Following the initial save of President Trump of broad base tariffs, on April 2, the prices of the shares fell, the volatility measured by the VIX index shot and the treasury yields shot substantially.

In general, these developments are expected to promote the value of the dollar, which is a “safety flight” currency requested by investors in times of crisis and acute uncertainty. Instead, the dollar value also submerged. In fact, in relation to the predictions of a simple economic model, the dollar fell by the greatest margin in the last four years.

This suggests that turbulence in financial markets was more than only the investors obtained “Yippy”, in Trump’s words. It may reflect the beginning of a serious reconsideration by global investors for the performance and management of the United States economy and the dollar.

The US dollar is the most important currency in the world. More than half of all international trade, even among non -American countries, has a price and invoice in dollars. The participation of the lion in international financial transactions is carried out in dollars. And almost 60 percent of the world’s international reserve are in dollars, despite the US GDP., Only comprises approximately a quarter of world income.

As my colleague Mark Sobel and I have explained, the domain of the dollar is derived from the force and dynamism of the US economy, the undisputed stature of our rule of law, the prudence of our formulation of economic policies and our close cooperative relations with our allies. But we have also warned that if the United States abandons these strengths, they pursue reckless commercial and fiscal policies, break trade agreements, intimidate our allies and undermine support for global institutions, this will encourage other countries to look for alternatives to the dollar. Trump has threatened countries with tariffs if they leave the dollar, but nothing could accelerate this process more effectively than reckless actions against our business partners.

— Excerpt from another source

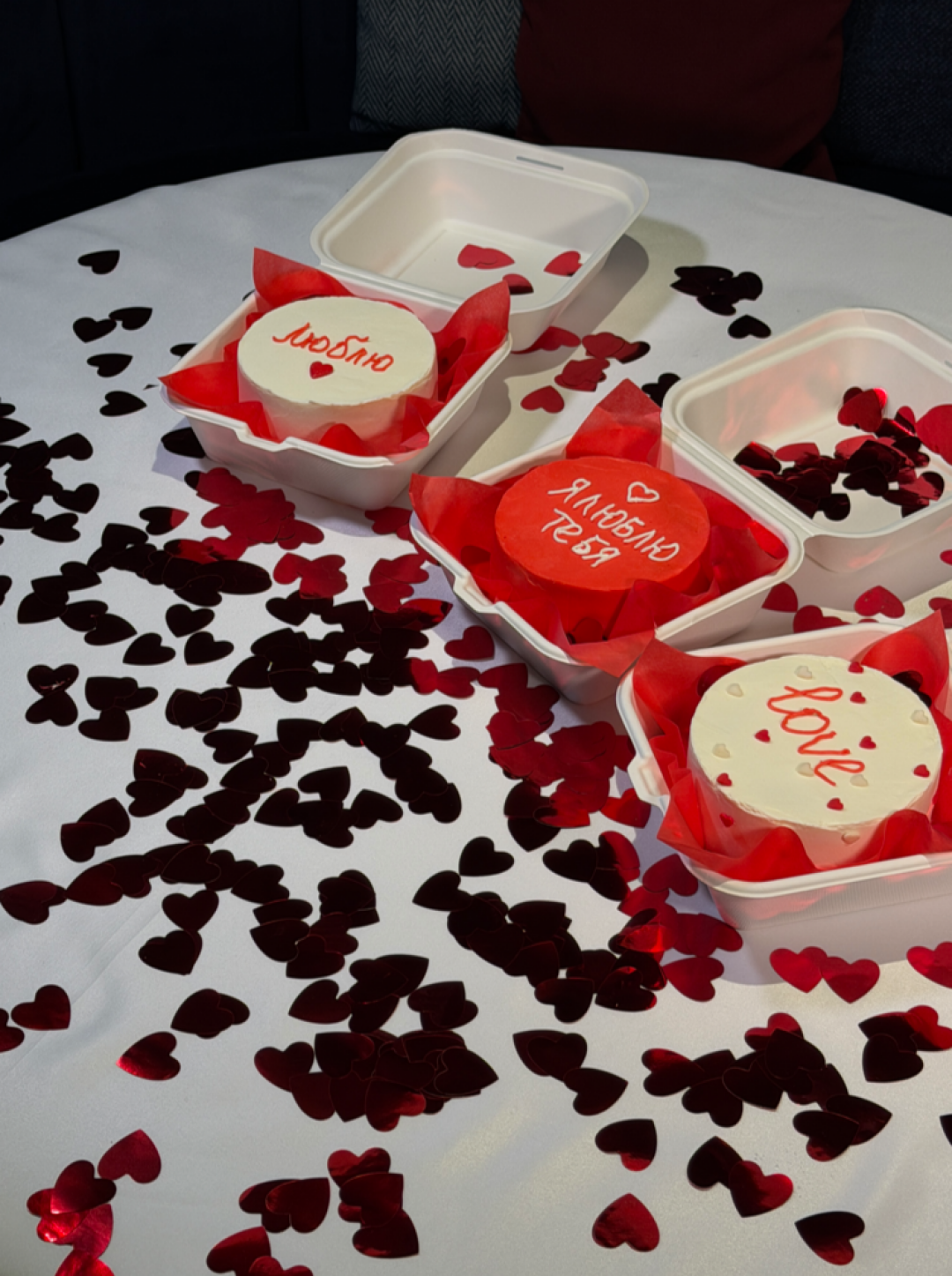 В качестве подарка для любимого или любимой в «Магадане» подготовили бенто-торты в романтическом оформлении. Они доступны по предзаказу с 13 по 15 февраля. При оформлении заказа гость может выбрать цвет и надпись. Варианты вкусов: шоколадный, красный бархат и ванильный с грушей.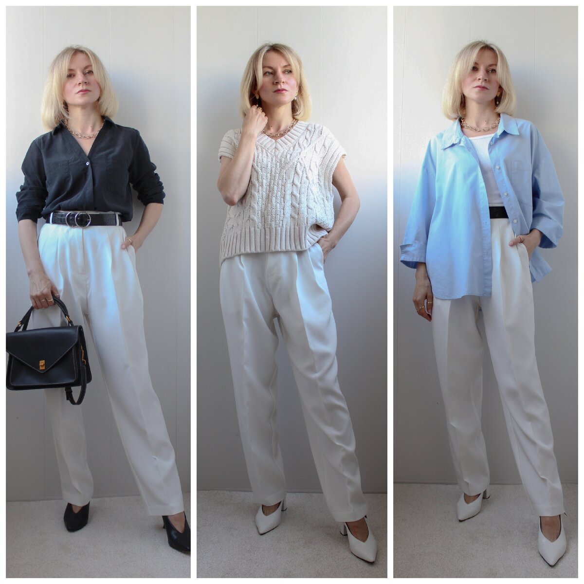 Так, в первых трех моих образах доминируют брюки свободного кроя. Да, они не подчеркивают особенности фигуры и выглядят весьма расслабленно, но при этом хорошо сидят, не полнят и за счет завышенной талии вытягивают силуэт. Я подобрала к ним разные варианты верха. Как видите, рубашка отлично смотрится как самостоятельная единица, так и в качестве второго слоя. На ее месте, кстати, мог бы быть удлиненный кафтан из тонкой полупрозрачной ткани. Обратите внимание, что во втором образе открыты руки. Несмотря на то, что в силуэте «нет талии», за счет правильной длины вязаного жилета пропорции фигуры уравновешены.

Is this process now in progress? They are the first days, but the financial turbulence surrounding Trump’s chaotic rates, and especially the increase in treasure yields combined with the drop in the dollar, is not a good sign. As indicated in the table below, an increase in the volatility of the financial market (the VIX index) after Trump’s announcement triggered a “cash race” due to leverage coverage funds, feeding a sale of treasury in the treasure bonds that led to high yields.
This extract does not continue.